I have the following statement: "If $U^TU$ is the identity matrix, then the columns of $U$ form an orthonormal set".
I want to figure out if it is true or not. By the way I know that it works with the square matrix, but is it right for any matrix $U$??
On
Let us suppose that $U\in\text{M}_{m\times n}(\textbf{F})$. Then we can express it as $U = [u^{T}_{1},u^{T}_{2},\ldots,u^{T}_{n}]$, where each $u^{T}_{j}\in\textbf{F}^{m}$. Consequently, one has that $U^{T} = [u^{T}_{1},u^{T}_{2},\ldots,u^{T}_{n}]^{T}$. Finally, due to the assumption $U^{T}U = I_{n}$, we conclude that $u_{j}u^{T}_{j} = 1$. That is to say, $\|u_{j}\| = 1$.
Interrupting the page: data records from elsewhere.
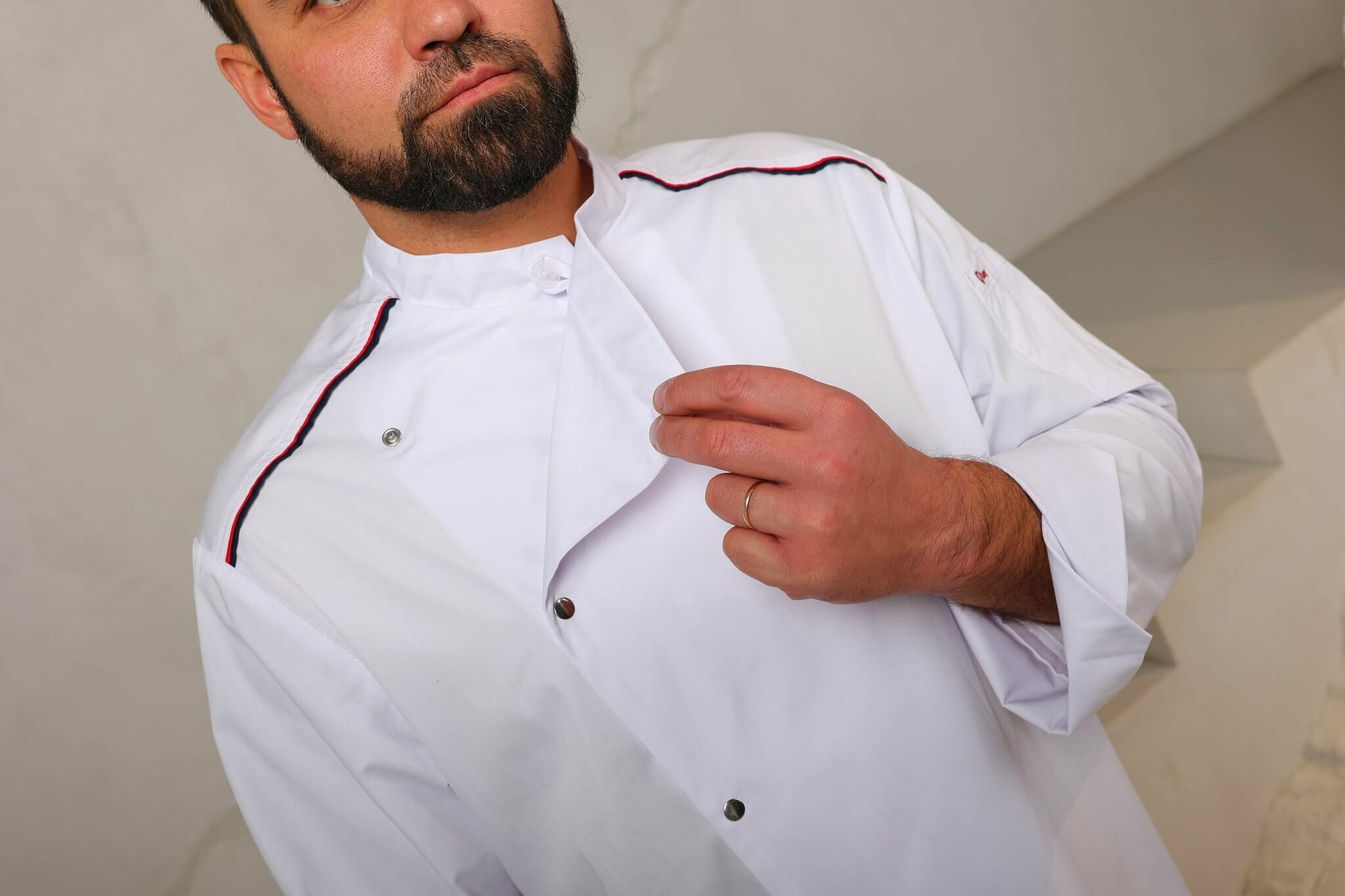 Китель повара вилан мужской, тк. ТиСи Твил, размер 44-46, рост 182-188, Белый, кант красный, синий: сравнение цен, характеристики, фото, актуальное наличие и цены.
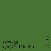 Цвет #477433 в цветовой модели RGB обозначается тремя октетами (71, 116, 51) в десятичном формате и #477433 в шестнадцатиричном (hex) формате, которые являются интенсивностью красного 71 (hex 47), интенсивность зелёного 116 (hex 74) и интенсивность синего 51 (hex 33).
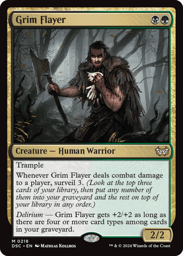 Trample Whenever this creature deals combat damage to a player, surveil 3. (Look at the top three cards of your library, then put any number of them into your graveyard and the rest on top of your library in any order.) Delirium — This creature gets +2/+2 as long as there are four or more card types among cards in your graveyard.
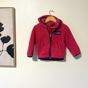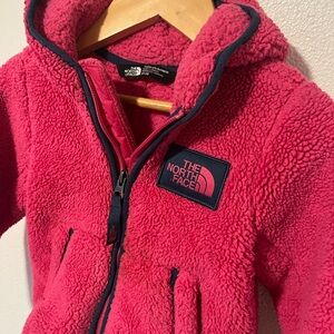 Bright pink fleece hoodie by The North Face. Features front zip and cozy hood.
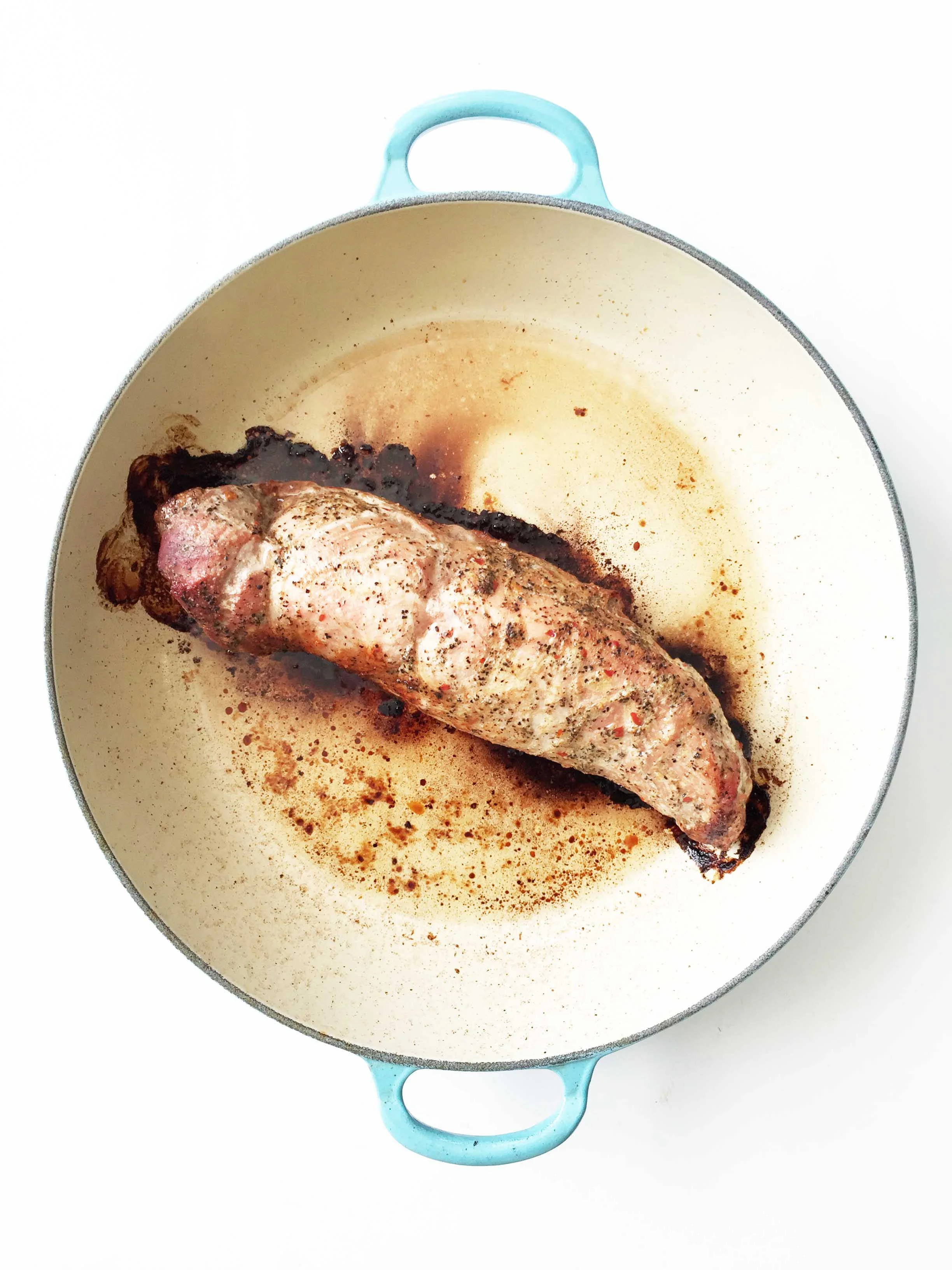 Remove your preheated pan from the oven and add 1 tablespoon of olive oil, swirling the olive oil to coat the pan; carefully add the pork and place the dish in the oven.

On the other hand, based on the same assumption, one has that $u_{i}u^{T}_{j} = 0$ for $i\neq j$. This means the set $\{u_{1},u_{2},\ldots,u_{n}\}$ is mutually orthogonal, just as it has been claimed.
Hopefully this helps.
It is true in general:
By the very definition of matrix multiplication, the $(i,j)$-entry of $U^TU$ is the scalar product of the $i$th row of $U^T$ with the $j$th column $u_j$ of $U$, so that $$(U^TU)_{i,j}=\langle u_i, u_j\rangle$$ and thus it is the identity matrix iff $u_i$ is an orthonormal system (but not necessarily a basis).